Sample collection, DNA extraction, and Illumina shotgun sequencing
For each of the participants, in the morning of admission and before breakfast and tooth brushing, tongue plaque samples were obtained by brushing the dorsal surface of tongue 4–5 times with a swab. The swab head was then placed in a collection tube containing 4 M guanidium thiocyanate, 100 mM Tris-HCl (pH 8.0), 40 mM EDTA and 0.001% bromothymol blue. The samples were mixed with zirconia beads using a FastPrep 24 instrument (MP Biomedicals, Santa Ana, California, USA). DNA was extracted from the bead-treated suspensions using an automatic nucleic acid extractor and MagDEA DNA 200 (GC) (Precision System Science, Chiba, Japan). Quantification and quality assessment of extracted DNA was performed using the 2200 TapeStation System (Agilent, Santa Clara, California, USA). DNA samples were fragmented using LE220 (Covaris, Woburn, Massachusetts, USA), and subjected to library preparation using the TruSeq ChIP Library Preparation Kit (Illumina, San Diego, California, USA) following the manufacturer’s instructions. Prepared libraries were evaluated using the 2200 TapeStation System, and quantified by quantitative PCR using KAPA Library Quantification Kits (KAPA Biosystems, Wilmington, Massachusetts, USA). Sequencing was performed on the HiSeq2500 instrument (Illumina, San Diego, California, USA) with 101 bp paired-end reads.

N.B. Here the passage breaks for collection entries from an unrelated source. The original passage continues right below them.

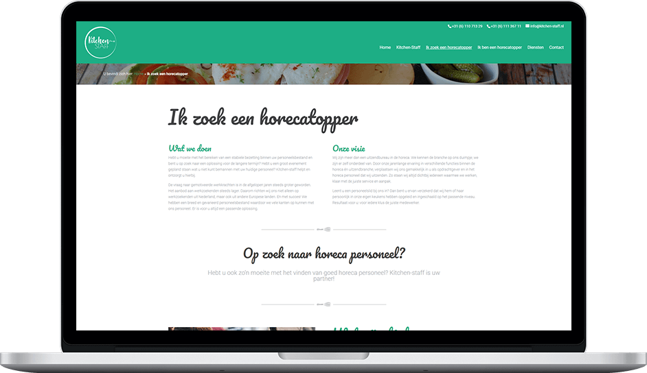 Toen er besloten werd te starten met de nieuwe onderneming “Kitchen Staff” werden wij al vrij snel ingeschakeld. Vanaf de start van de onderneming hebben wij meegedacht om de basis en fundering zo goed mogelijk neer te zetten. Een partner van ons heeft de complete huisstijl van Kitchen Staff ontwikkeld en wij hebben het uiteindelijke design van de website mogen maken.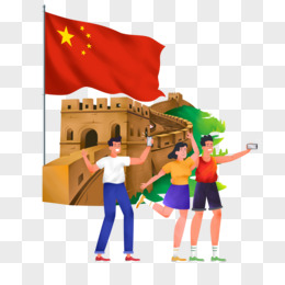 手绘卡通国庆游长城元素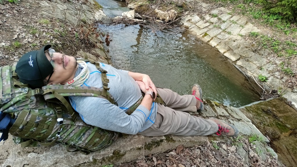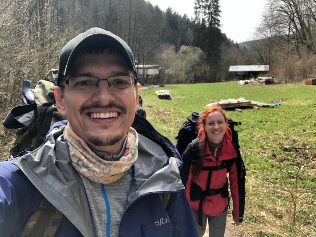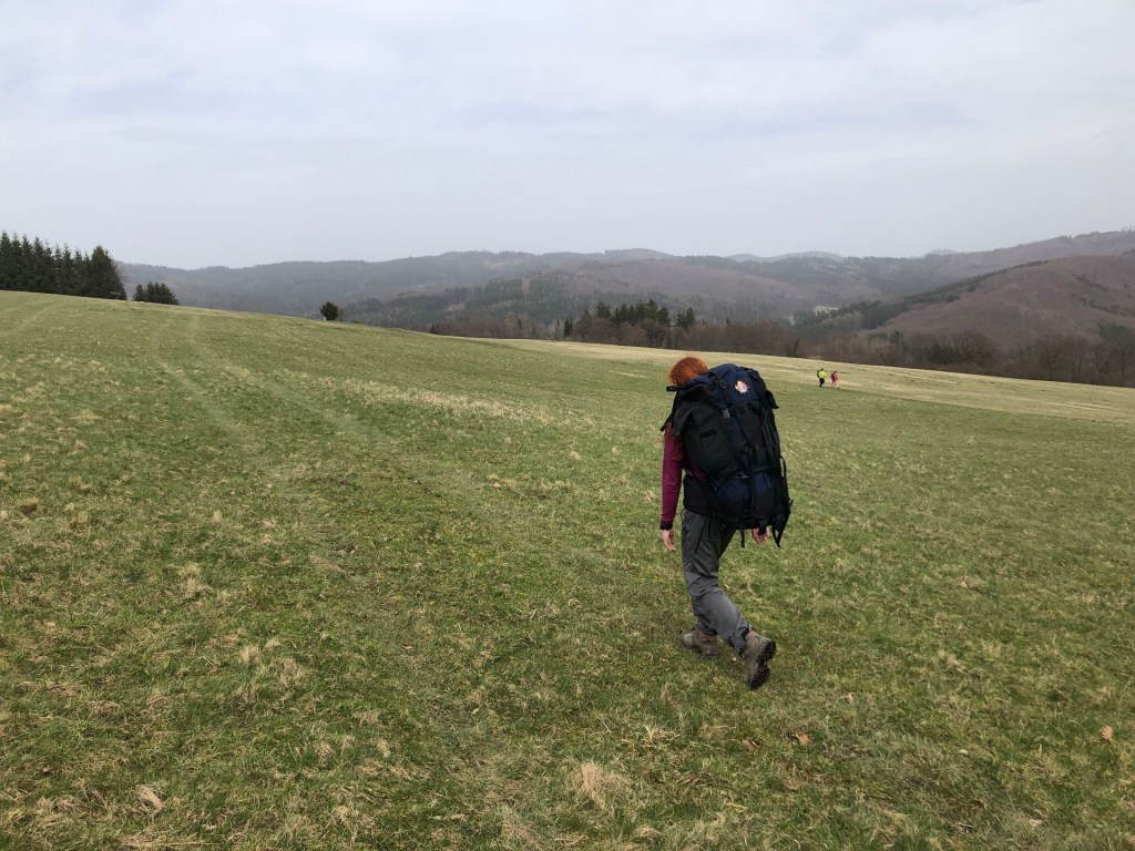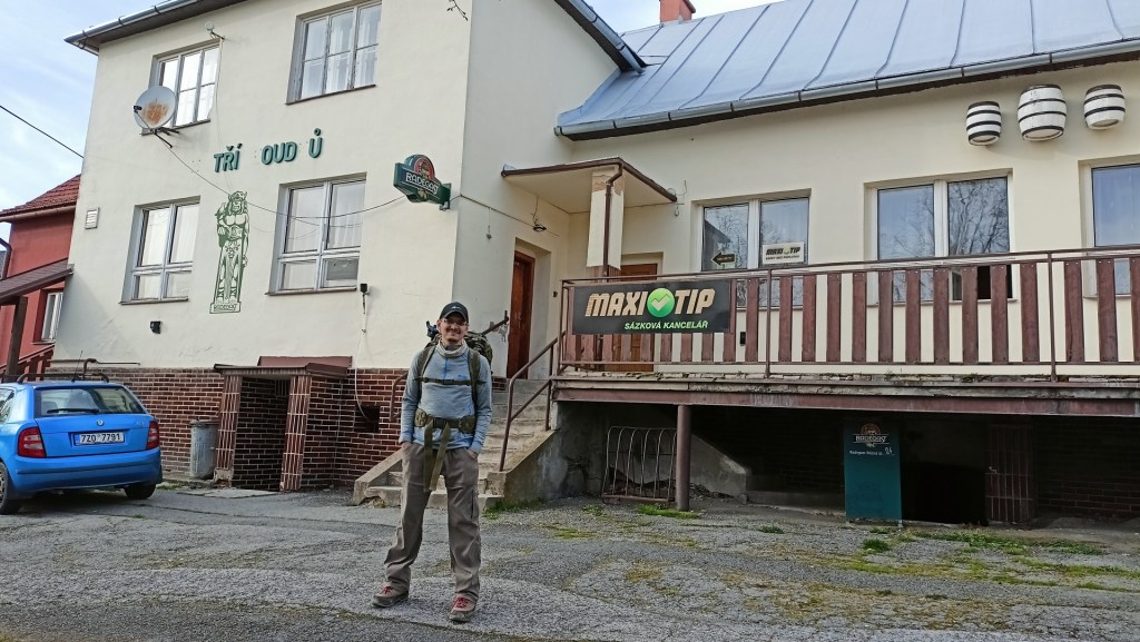 Ráno se probudím a přímo nad sebou vidím ty tenké 25 metrové smrky, jak se v tom šíleném větru ohýbají u špičky možná až o 4-5 metrů do stran. Trochu jsem dostal strach, tak budím Zuzku (asi poprvé v životě, co jsem ji budil já 😃 ), že musím jít, ať to na nás nepopadá 🙂 Nasnídali jsme se a vyrazili směr Francova Lhota, kde jsme skončili minulou etapu. Dva kiláčky z kopce do vsi. Tam jsme dali malou pauzu a vyrazili už po asfaltu směr Pulčín a na Pulčínské skály. U parkoviště jsme potkali známé. Chvilku jsme pokecali u auta, následně jsme si dali malé občerstvení v místní hospodě a vyrazili ke skalám. Netušil jsem, že tak velké skály tady vůbec jsou. Výstup nahoru byl náročnější, s přidržováním řetězů, naštěstí bez batohů, které jsme nechali v místním táboře/kempovišti. Shora byl parádní výhled. Krátký okruh přes skály zase zpět ke kempovišti. Tam jsme si dali “oběd” v podobě zbytků svačin, co jsme měli nachystáno na cestu a vydali se k dalším skalám, tentokrát Čertovým do Lidečka, kde byl zároveň i konec našeho jedno + 2x půldenního putování po hranici. V místní restauraci jsme si dali konečně pořádný oběd a pivo a odsunuli jsme se k autobusu. Ukrojili jsme dalších 42 km. Celkem máme 293 kilometrů, takže už nám chybí jen nějakých cca 1700 😀

Metagenomic sequence processing
Raw paired-end reads were quality filtered via sickle version 1.3324 using the sliding window approach and the following parameters: average quality threshold of 30 and the minimum length of 20. Reads were then mapped to the human reference genome (GRCh38) by Burrows-Wheeler Aligner MEM (BWA-MEM) version 0.7.1725 with the default parameter set and mapped reads with alignment length greater than 80 were subsequently discarded.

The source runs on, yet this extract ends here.